屋上の鍵は机の中に
哲学の分類までの道のりは長かった。
「検索してみますと、カントの著作に『天界の一般自然史と理論』というのがあるのですが、ドイツ本から各国翻訳まで結構な数が置いてあるようです。特にお求めの物はございますか?」
隣を歩きながら宮藤は画面を見せてくれた。
でも、僕は本の種類より彼女の事が気になって左半身を固くしていた。
「原書に近いのがいいな。前に読んだのは黒い布張りのハードカバーに、金色の文字が飾られてるものだったんだけど。」
祖父の書斎で見つけた夜空。
「姫村さんはドイツ語をお読みになるのですか?素敵ですね。私なんか英語さえ日常会話程度しかできないですよ。」
ふと、彼女の言葉に違和感を覚える。
「もしかして、姫村さんにはドイツの血が入っていらっしゃるとか?どことなくゲルマン系のお顔立ちと見えますが。

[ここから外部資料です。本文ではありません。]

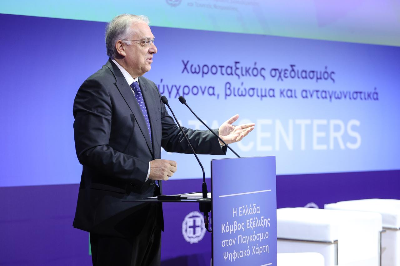 Τη μελέτη για τη χωροθέτηση και ανάπτυξη Κέντρων Δεδομένων (Data Centers) στην Ελλάδα παρουσίασε το υπουργείο Ψηφιακής Διακυβέρνησης και ΤΝ σε συνεργασία με τα υπουργεία Περιβάλλοντος και Ενέργειας και Ανάπτυξης. Η εκδήλωση πραγματοποιήθηκε στο Ωδείο Αθηνών, με τη συμμετοχή των υπουργών Ψηφιακής Διακυβέρνησης και ΤΝ, Δημήτρη Παπαστεργίου και Ανάπτυξης, Τάκη Θεοδωρικάκου.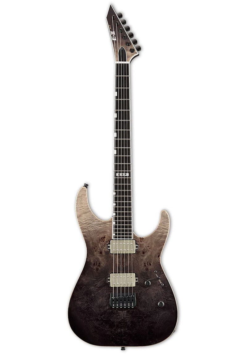 Alle ESP E-II-instrumenter er laget på vår ESP-fabrikk i Tokyo, Japan, og er designet for profesjonelle musikere som ikke går på kompromiss med tone, følelse eller pålitelighet for sine gitarer og bass. ESP E-II M-II NT tilbyr alle tonefordelene med en hardtail Hipshot bro med string-thru body-design i en vakker gitar med Buckeye burl maple-topp og en fantastisk Black Natural Fade finish. Den har en 3-delt maple neck med satengfinish for en utrolig glatt spillfølelse. E-II M-II NT har også designdetaljer som naturlig body binding, hvit binding på halsen og finish-matched headstock, samt svart hardware. Lyden drives av to direktemonterte Bare Knuckle Aftermath Tyger pickups, som er perfekte for moderne lyder med økt bassrespons, kraftig midrange og presis high-end artikulasjon. Du får også komponenter av høy kvalitet inkludert Schaller straplocks, Gotoh låsemekanismer og en benpupp. Inkluderer ESP hard shell kasse.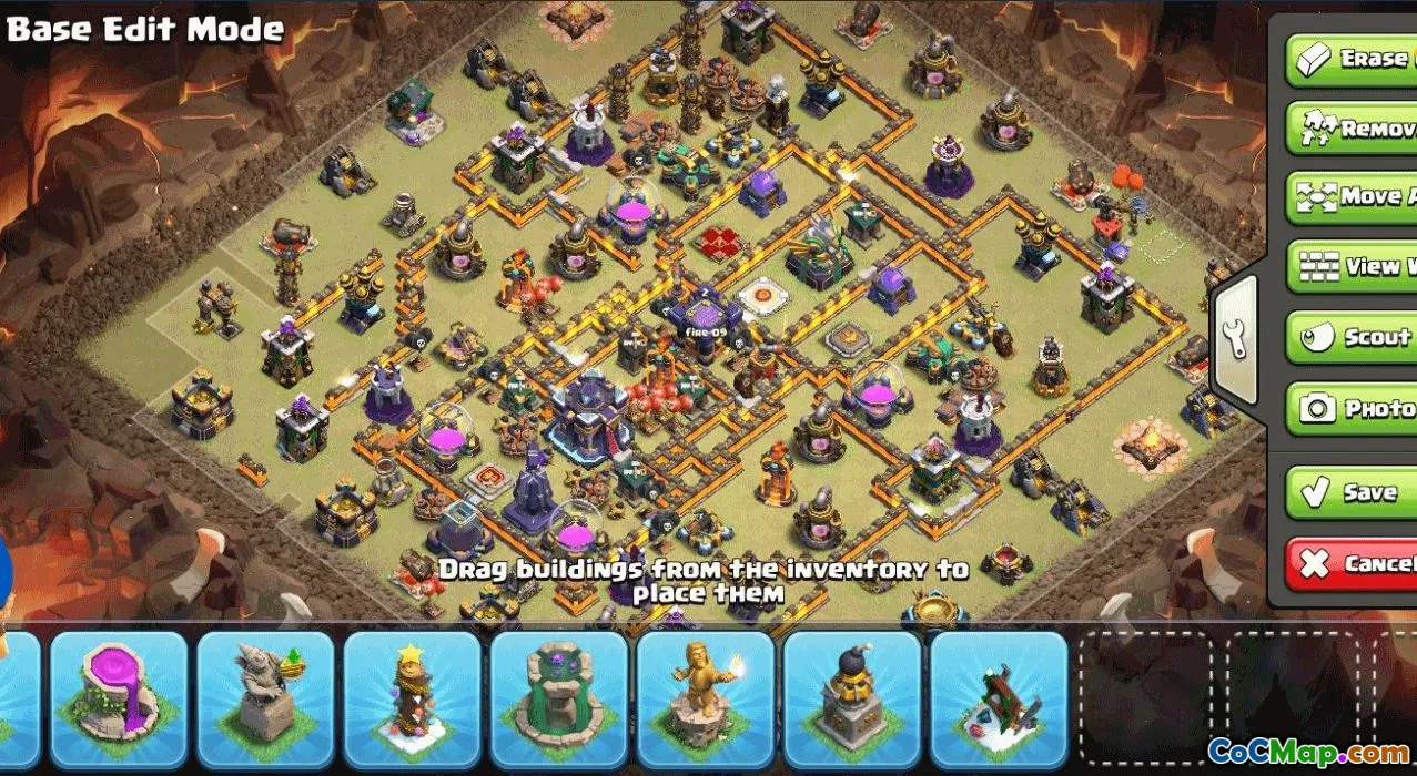 This layout includes different types of bases such as the home village, trophy base, war base, and coc map, each serving specific strategic purposes. The home village layout focuses on safeguarding resources and Town Hall while creating difficult paths for attackers. The trophy base is designed to help players maintain or increase their ranking by protecting trophies from losing them during raids. The war base, on the other hand, is optimized for clan wars, with defensive structures arranged to maximize defense during clan warfare scenarios. The coc map provides a visual way to see the overall placement of bases relative to each other, making it easier to plan attack strategies or defend effectively.

」
彼女は数歩後ろで考え込む僕を振り返った。
「姫村さん?」
名前だ!
「あの、なぜ、僕の名前を…?」
森宵学園の制服に名札はない。
彼女は驚いたような顔で答えた。
「姫村さんを知らない生徒を探す方が難しいですよ。それに、」
「それに、何?」
言葉を切って俯いた彼女を促すと、悪戯っぽい表情が僕を見上げた。